The audacity of survival

Though there was also some comic relief, many jokes did not quite land—unfortunate, because comedy is perhaps one of the best genres to hold space for the absurdity of the history of racism in this country, and the audacity of those who continue to survive and navigate within it.

Under the direction of Jerrell L. Henderson, this Thurgood evokes the Broadway production with its minimalist set and styling. Marshall wears a navy suit with a white button-down and red, white, and blue-striped tie (costumes by Levonne Lindsay), alluding to the American flag projected onto a gold-framed wall serving as the stage’s backdrop.

A large desk dominates the center of Roman Tatarowicz’s set, with a lectern, coat rack, and chair with a side table stage right. The sole setting of the play is Howard University in Washington, DC, where Marshall has returned to his alma mater to share his life story. As the play reveals, Howard, supposedly once known as “the Dummy’s Retreat,” is now seen as one of the nation’s premier Historically Black Colleges and Universities (HBCU).

A false assumption?

As a fellow HBCU graduate, I looked around the audience to search for any other face of color. (Alas, when the lights came up, I spotted only three.) So there’s an inherent false assumption here within the performance’s basic premise: that Marshall is speaking somewhat amongst friends intracommunally and, perhaps more specifically, intraracially. Or at least how Stevens, the white and presumably wealthy playwright (he is also a producer, director, and founder of the American Film Institute), imagined Marshall would speak to a predominantly Black and college-educated audience.

This may explain some of the general disconnect I sensed in audience engagement and participation. For example, Thurgood viewers must be able to contend with and distinguish among the frequent and nuanced uses of words like "negro." The line “You know how we negroes claim to have a sixth sense? We can detect whether or not a white person is for us,” becomes either a great inside joke, a perpetuation of a “magical negro” narrative, or a completely perplexing statement.

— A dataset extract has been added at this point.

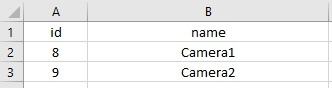 - Create an Excel file containing two columns: the id column for camera IDs and the name column for camera names.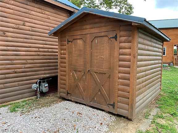 Opportunity awaits at this beautiful cabin located in the Cabins on the Lake Association in Saybrook Township, Ohio on the banks of Lake Erie! Super cute and efficient log cabin home with the perks of being in a lakefront community with direct lake access just a short walk from your covered front porch! This unit has a Primary Bedroom, a Bunk Room with built in bunk beds, and 2 lofts. One of the lofts is accessible by built in stairway and the 2nd loft is accessible by ladder only. Granite countertops in the kitchen and all stainless steel appliances included! This is the perfect vacation getaway, tiny home, or second home! Short-term rentals are allowed in this association, so you can enjoy this home at your convenience and lease it when you're not there on Airbnb or Vrbo! The association fee includes water, sewer, trash, maintenance of common areas, and access to the lake! It's also snowplowed in the wintertime if you wanted to enjoy this cabin year-round. Gas hookup is available if

Inherent in many communities of color is the way that we immerse ourselves and interact with any and all stimuli or environments. This shows up in the ways we may yell at the screen in movies, or laugh uproariously at seemingly mundane occurrences, or call-and-respond when prompted. In a real Howard auditorium, these are the behaviors I would have expected to witness. By stark contrast, within the intimate space of the Independence Studio, the absence of audience reaction, recognition, and response was jarring.

Who are our heroes?

While I understand the inclination to make Black historical figures like Thurgood Marshall and Martin Luther King Jr. the protagonists of works of art, they often end up as supportive characters in their own narratives. Their existence is only in service to some greater ideal or accomplishment. The recognition of their greatness is not because of who they are, but only because of what they have done.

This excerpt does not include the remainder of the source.